Le ministre tunisien de l'Education Abdellatif Abid a ordonné une enquête contre des lycéens de Tunis pour leur mise en scène du buzz planétaire en ligne Harlem Shake.

Les lycéens du quartier Menzah 6 ont filmé samedi dans la cour de leur école cette vidéo dans laquelle certains dansent en caleçons et d'autres, portant des fausses barbes et les tuniques des tenants de la mouvance salafiste radicale, simulent des actes sexuels.

Le Harlem Shake, danse ridicule dans laquelle les acteurs se déguisent et imitent des actes sexuels, a fait le tour du monde sur Internet avec des dizaines de versions différentes cumulant des dizaines de millions de vues.

Soutien massif sur Facebook

«Le ministère de l'Education a demandé d'ouvrir une enquête et va prendre les mesures qui s'imposent», s'est emporté dimanche à la radio Mosaïque FM le ministre Abdellatif Abid, évoquant d'éventuelles «expulsions» d'élèves ou «licenciement» du personnel éducatif.

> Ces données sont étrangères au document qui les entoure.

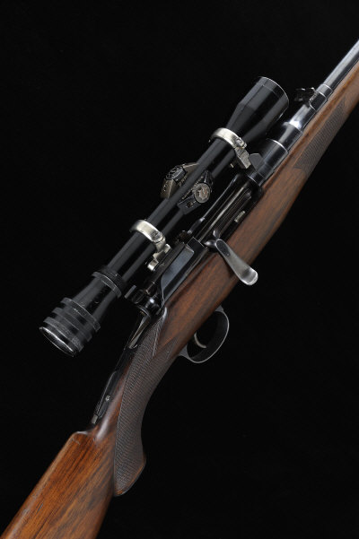 22 1/2-inch barrel with ramp fore sight, rear sight with folding leaves, the receiver mounted with a B-Nickel Marburg telescopic sight, bolt with flag safety, rotary magazine, tang with peep sight, the half length figured stock with pistol grip, cheekpiece and ribbed steel butt plate, 14 1/2-inch pull, 8lb., nitro proof

Un mouvement de soutien à ces lycéens s'est immédiatement organisé sur Facebook, plus de 4600 personnes promettant de participer le 1er mars à un Harlem Shake de contestation devant le ministère de l'Education.

De nombreux jeunes relèvent sur ces pages que le ministère n'a jamais diligenté d'enquête lorsque des groupes de salafistes ont investi des universités ou des lycées, drapeaux noirs à la main, pour faire du prosélytisme.

Islamisation de la société

L'opposition laïque tunisienne accuse régulièrement le parti islamiste Ennahda, qui dirige le gouvernement d'organiser une islamisation rampante de la société. Le ministre de l'Education est cependant issu d'Ettakatol, parti séculier de centre-gauche allié à Ennahda.